• _YOUR ASSIGNMENT_
Word for word, set down every line of the entries below from the line with "西洛他唑100mg片为白色片" to the line with "谜底气质牛仔半身裙2024夏季新款复古高腰A型长裙松紧腰246MB7003", including both, and no other line.

• _DATASET ENTRIES_
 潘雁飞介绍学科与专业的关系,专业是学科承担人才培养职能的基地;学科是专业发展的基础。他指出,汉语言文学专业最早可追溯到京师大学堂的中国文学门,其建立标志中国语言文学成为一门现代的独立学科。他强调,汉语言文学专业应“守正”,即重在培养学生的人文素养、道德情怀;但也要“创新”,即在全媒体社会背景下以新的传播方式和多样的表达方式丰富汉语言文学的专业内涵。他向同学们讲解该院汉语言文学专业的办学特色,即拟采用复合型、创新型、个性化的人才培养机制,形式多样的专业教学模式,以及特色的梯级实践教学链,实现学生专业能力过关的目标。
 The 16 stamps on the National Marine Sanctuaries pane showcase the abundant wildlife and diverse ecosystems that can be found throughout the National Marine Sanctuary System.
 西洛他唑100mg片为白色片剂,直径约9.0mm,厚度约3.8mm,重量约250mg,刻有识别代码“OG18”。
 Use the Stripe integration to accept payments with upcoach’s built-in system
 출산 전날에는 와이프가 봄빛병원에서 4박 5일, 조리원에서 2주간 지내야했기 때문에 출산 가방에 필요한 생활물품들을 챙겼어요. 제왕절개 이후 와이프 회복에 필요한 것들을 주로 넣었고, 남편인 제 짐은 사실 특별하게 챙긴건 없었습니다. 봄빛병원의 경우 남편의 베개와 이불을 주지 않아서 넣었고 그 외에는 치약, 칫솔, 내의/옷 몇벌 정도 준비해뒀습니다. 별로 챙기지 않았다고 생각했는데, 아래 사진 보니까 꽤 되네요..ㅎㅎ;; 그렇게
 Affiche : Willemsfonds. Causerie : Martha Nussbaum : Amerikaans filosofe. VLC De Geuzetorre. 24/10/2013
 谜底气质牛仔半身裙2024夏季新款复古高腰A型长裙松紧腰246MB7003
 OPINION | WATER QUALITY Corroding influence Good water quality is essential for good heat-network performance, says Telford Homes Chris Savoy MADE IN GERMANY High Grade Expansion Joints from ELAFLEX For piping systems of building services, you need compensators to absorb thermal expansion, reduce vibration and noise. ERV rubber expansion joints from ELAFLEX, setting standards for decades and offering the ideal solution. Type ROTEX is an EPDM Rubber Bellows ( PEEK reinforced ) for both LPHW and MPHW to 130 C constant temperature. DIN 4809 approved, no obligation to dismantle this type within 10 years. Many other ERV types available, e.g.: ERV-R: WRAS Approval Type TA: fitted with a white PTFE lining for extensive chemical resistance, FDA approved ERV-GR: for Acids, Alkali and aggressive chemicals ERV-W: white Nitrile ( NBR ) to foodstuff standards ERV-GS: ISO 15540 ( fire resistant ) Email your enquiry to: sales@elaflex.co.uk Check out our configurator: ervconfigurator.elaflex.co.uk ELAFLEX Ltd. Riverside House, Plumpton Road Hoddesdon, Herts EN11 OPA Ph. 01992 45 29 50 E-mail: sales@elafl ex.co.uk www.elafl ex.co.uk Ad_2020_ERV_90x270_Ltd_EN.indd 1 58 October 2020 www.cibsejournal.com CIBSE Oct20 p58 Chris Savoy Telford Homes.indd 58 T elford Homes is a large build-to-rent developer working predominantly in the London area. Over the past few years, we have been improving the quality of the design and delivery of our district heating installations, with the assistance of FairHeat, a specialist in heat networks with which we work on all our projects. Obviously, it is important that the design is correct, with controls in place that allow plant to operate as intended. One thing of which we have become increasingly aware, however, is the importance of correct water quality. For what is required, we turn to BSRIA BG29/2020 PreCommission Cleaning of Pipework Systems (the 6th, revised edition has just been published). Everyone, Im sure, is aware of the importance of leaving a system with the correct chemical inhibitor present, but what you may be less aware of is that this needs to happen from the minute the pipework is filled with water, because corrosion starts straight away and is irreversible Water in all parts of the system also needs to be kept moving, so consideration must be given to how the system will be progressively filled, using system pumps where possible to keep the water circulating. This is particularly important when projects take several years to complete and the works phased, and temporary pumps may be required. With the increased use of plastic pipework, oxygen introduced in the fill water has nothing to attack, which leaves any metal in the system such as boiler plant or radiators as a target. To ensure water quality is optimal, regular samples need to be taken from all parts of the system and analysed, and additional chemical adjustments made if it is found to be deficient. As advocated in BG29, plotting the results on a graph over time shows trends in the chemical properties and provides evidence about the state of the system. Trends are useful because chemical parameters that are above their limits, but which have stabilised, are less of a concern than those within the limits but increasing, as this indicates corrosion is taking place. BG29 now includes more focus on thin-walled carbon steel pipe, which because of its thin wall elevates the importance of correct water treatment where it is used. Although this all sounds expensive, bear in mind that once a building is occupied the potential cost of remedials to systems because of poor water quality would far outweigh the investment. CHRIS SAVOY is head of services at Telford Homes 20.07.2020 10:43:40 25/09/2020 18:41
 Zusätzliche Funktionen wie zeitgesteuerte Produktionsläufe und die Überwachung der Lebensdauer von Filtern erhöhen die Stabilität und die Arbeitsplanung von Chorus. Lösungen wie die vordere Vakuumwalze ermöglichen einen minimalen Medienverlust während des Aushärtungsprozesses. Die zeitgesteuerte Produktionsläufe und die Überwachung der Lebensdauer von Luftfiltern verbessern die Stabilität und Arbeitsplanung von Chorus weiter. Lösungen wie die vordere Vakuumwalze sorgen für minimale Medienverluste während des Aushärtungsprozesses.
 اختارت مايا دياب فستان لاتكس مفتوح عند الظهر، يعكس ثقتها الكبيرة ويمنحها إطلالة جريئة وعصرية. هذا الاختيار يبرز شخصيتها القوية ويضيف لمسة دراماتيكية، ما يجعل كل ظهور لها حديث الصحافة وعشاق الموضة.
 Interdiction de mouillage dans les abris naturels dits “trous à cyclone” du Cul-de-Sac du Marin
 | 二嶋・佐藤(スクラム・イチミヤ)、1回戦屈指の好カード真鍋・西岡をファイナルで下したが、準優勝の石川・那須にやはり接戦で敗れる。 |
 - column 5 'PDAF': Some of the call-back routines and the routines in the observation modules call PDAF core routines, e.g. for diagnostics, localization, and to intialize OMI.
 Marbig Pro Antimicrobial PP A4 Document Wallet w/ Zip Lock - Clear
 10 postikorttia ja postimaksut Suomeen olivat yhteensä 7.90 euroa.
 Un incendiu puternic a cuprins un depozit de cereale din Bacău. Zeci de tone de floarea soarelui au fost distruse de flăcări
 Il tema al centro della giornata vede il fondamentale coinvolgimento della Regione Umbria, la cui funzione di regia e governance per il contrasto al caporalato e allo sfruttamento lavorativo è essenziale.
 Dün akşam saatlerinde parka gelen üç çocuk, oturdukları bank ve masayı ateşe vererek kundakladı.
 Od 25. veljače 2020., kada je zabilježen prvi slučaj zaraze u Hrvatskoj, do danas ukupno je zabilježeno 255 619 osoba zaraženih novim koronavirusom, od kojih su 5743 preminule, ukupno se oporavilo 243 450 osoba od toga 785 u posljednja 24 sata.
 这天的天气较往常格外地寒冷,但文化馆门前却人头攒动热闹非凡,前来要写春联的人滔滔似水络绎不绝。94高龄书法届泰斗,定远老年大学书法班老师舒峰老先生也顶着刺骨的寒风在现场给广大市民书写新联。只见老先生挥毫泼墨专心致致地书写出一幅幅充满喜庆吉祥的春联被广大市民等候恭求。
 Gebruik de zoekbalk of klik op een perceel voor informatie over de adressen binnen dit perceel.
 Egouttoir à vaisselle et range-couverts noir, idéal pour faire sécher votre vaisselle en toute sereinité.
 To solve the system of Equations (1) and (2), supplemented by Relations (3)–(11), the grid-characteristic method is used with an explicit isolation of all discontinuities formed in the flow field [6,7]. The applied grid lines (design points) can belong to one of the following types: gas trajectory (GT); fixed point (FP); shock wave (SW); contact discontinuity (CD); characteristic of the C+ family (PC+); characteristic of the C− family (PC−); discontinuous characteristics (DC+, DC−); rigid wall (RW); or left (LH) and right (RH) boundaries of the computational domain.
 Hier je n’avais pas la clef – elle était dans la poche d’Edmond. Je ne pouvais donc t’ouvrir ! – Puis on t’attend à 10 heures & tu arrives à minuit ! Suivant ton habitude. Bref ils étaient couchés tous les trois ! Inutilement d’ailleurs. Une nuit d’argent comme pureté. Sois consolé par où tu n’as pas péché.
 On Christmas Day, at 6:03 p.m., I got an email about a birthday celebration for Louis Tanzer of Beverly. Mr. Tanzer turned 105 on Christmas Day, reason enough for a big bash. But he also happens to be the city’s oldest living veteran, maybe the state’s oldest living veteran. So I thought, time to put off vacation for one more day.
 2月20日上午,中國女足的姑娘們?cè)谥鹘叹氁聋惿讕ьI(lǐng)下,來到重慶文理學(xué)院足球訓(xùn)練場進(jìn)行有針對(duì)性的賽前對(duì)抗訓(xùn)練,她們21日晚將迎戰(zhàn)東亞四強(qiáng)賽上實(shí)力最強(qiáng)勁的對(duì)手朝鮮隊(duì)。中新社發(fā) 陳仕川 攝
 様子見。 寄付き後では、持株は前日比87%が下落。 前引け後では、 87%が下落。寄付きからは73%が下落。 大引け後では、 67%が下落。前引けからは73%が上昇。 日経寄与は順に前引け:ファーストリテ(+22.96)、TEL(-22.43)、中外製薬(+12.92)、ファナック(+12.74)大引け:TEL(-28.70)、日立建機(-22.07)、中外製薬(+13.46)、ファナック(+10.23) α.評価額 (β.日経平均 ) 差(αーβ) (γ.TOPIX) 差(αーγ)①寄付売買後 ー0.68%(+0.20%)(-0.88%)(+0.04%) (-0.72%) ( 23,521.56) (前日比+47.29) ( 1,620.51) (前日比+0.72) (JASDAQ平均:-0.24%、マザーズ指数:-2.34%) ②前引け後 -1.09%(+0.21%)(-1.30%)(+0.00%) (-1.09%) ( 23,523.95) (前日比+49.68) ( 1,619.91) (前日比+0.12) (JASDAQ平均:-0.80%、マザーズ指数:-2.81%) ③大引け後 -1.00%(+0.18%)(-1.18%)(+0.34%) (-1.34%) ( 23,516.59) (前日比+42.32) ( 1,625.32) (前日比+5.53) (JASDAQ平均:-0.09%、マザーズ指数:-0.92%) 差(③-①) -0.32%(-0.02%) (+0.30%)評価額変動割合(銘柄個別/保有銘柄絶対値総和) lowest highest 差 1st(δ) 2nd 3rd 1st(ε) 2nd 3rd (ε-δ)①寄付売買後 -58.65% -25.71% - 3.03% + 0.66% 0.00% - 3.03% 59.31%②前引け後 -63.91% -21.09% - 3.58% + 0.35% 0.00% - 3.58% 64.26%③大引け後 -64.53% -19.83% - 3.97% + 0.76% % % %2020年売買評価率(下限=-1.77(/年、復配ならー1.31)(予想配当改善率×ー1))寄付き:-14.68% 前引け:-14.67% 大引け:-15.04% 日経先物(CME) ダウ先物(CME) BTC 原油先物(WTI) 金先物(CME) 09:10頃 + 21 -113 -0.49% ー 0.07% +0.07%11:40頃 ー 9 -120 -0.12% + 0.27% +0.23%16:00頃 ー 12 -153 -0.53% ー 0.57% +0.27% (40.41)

• _THE ANSWER_
 西洛他唑100mg片为白色片剂,直径约9.0mm,厚度约3.8mm,重量约250mg,刻有识别代码“OG18”。
 Use the Stripe integration to accept payments with upcoach’s built-in system
 출산 전날에는 와이프가 봄빛병원에서 4박 5일, 조리원에서 2주간 지내야했기 때문에 출산 가방에 필요한 생활물품들을 챙겼어요. 제왕절개 이후 와이프 회복에 필요한 것들을 주로 넣었고, 남편인 제 짐은 사실 특별하게 챙긴건 없었습니다. 봄빛병원의 경우 남편의 베개와 이불을 주지 않아서 넣었고 그 외에는 치약, 칫솔, 내의/옷 몇벌 정도 준비해뒀습니다. 별로 챙기지 않았다고 생각했는데, 아래 사진 보니까 꽤 되네요..ㅎㅎ;; 그렇게
 Affiche : Willemsfonds. Causerie : Martha Nussbaum : Amerikaans filosofe. VLC De Geuzetorre. 24/10/2013
 谜底气质牛仔半身裙2024夏季新款复古高腰A型长裙松紧腰246MB7003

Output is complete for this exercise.